* PROBLEM DETAILS *
Look below for the line with "9천으로 벌어진 신명" and the line with "18일 카카오맵에 따르면". Copy exactly those two lines and every line between, but not the pictures.

* EXTRACTED INFORMATION *
##############################

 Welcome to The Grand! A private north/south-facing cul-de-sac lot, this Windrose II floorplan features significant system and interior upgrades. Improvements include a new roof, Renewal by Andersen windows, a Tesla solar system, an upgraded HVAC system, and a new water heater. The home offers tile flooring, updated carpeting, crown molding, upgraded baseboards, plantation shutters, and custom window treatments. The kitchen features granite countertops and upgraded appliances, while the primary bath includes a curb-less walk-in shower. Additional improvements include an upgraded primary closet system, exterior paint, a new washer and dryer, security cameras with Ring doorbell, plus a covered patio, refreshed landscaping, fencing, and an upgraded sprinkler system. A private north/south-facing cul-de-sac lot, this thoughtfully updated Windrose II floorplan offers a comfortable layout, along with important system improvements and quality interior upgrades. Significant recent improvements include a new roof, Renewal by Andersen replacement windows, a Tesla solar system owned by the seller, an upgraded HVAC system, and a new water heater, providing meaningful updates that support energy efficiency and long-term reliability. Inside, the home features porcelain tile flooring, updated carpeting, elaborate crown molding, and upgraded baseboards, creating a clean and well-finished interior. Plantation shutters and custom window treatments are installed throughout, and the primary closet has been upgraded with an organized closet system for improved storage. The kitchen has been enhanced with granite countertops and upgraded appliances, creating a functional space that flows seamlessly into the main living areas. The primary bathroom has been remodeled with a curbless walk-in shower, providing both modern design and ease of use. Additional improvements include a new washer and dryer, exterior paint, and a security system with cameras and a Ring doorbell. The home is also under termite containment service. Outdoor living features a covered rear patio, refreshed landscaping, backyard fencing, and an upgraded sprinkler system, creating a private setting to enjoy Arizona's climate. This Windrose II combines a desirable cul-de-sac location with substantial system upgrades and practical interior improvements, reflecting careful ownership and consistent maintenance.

##############################

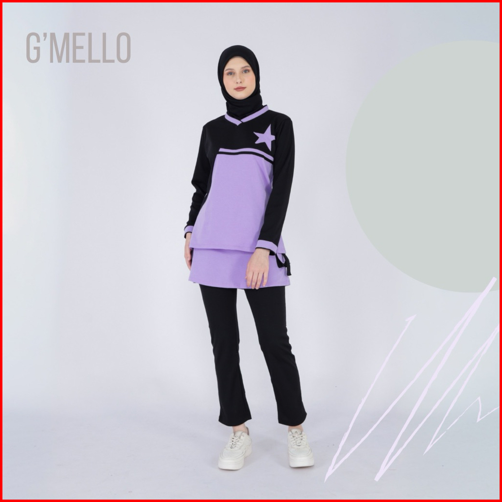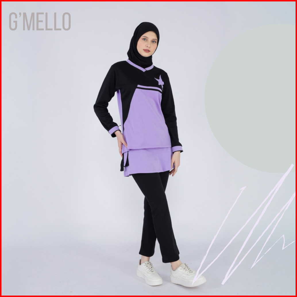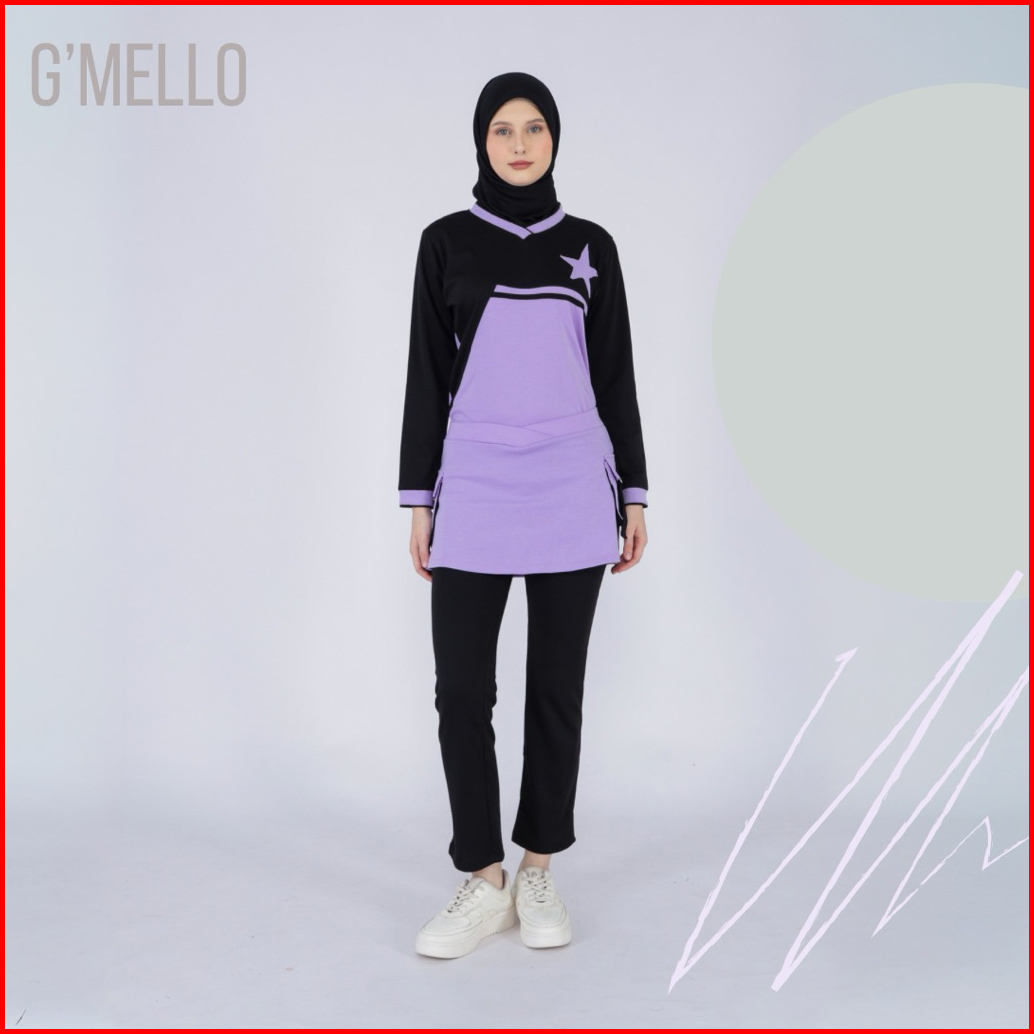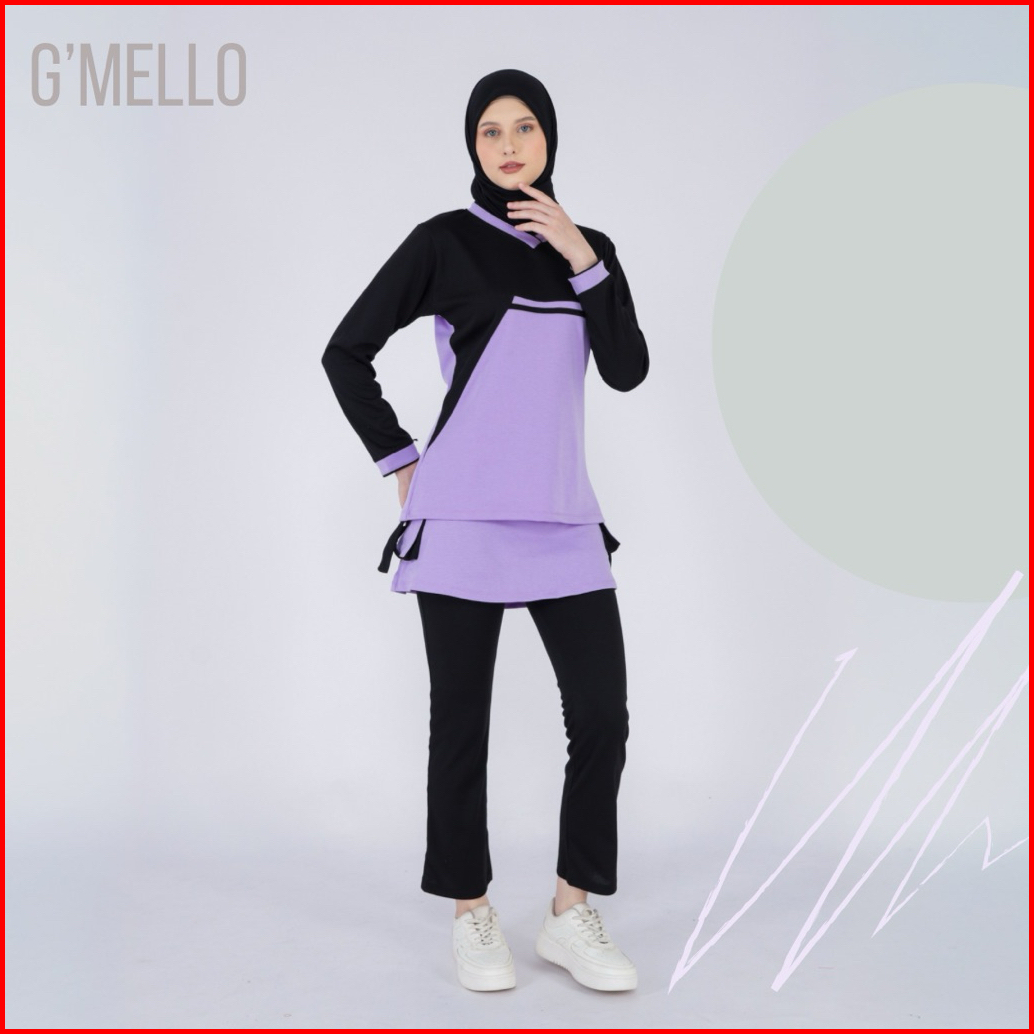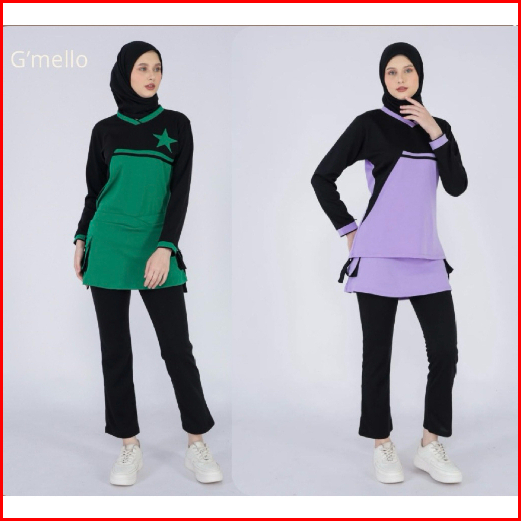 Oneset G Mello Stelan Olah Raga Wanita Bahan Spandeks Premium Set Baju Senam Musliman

##############################

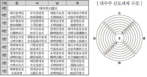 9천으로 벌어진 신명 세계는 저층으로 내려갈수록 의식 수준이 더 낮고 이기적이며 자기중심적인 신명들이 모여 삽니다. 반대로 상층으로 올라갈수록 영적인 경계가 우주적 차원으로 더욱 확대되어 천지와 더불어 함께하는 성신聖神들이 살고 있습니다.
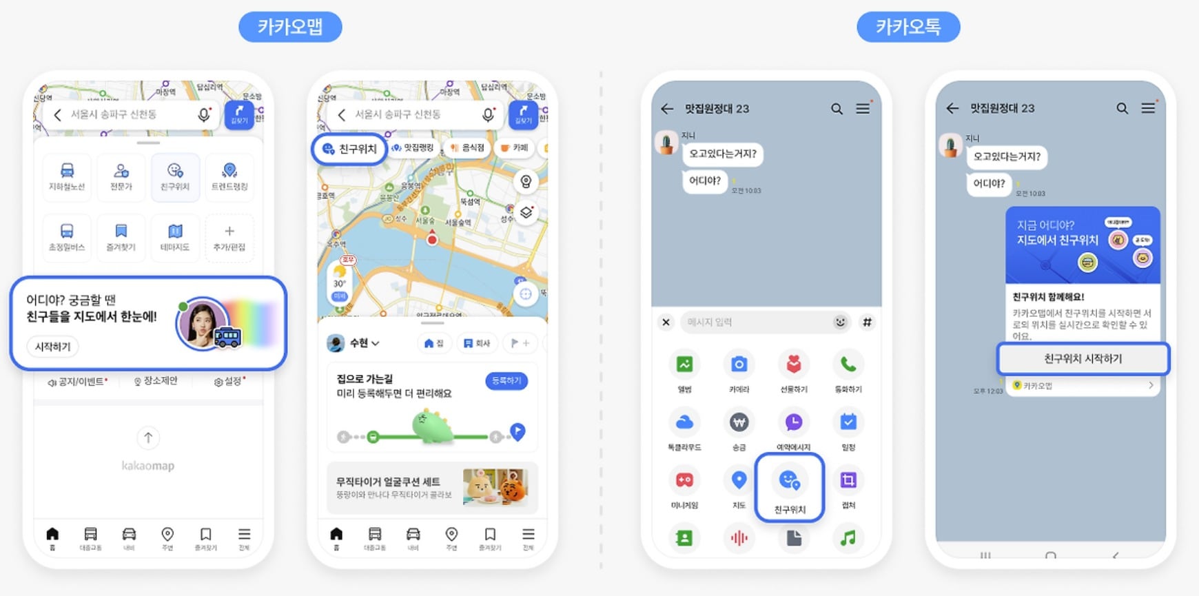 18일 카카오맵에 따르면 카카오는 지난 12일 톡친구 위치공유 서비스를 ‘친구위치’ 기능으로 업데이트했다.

##############################

* RESULT OF THE EXERCISE *
 9천으로 벌어진 신명 세계는 저층으로 내려갈수록 의식 수준이 더 낮고 이기적이며 자기중심적인 신명들이 모여 삽니다. 반대로 상층으로 올라갈수록 영적인 경계가 우주적 차원으로 더욱 확대되어 천지와 더불어 함께하는 성신聖神들이 살고 있습니다.
 18일 카카오맵에 따르면 카카오는 지난 12일 톡친구 위치공유 서비스를 ‘친구위치’ 기능으로 업데이트했다.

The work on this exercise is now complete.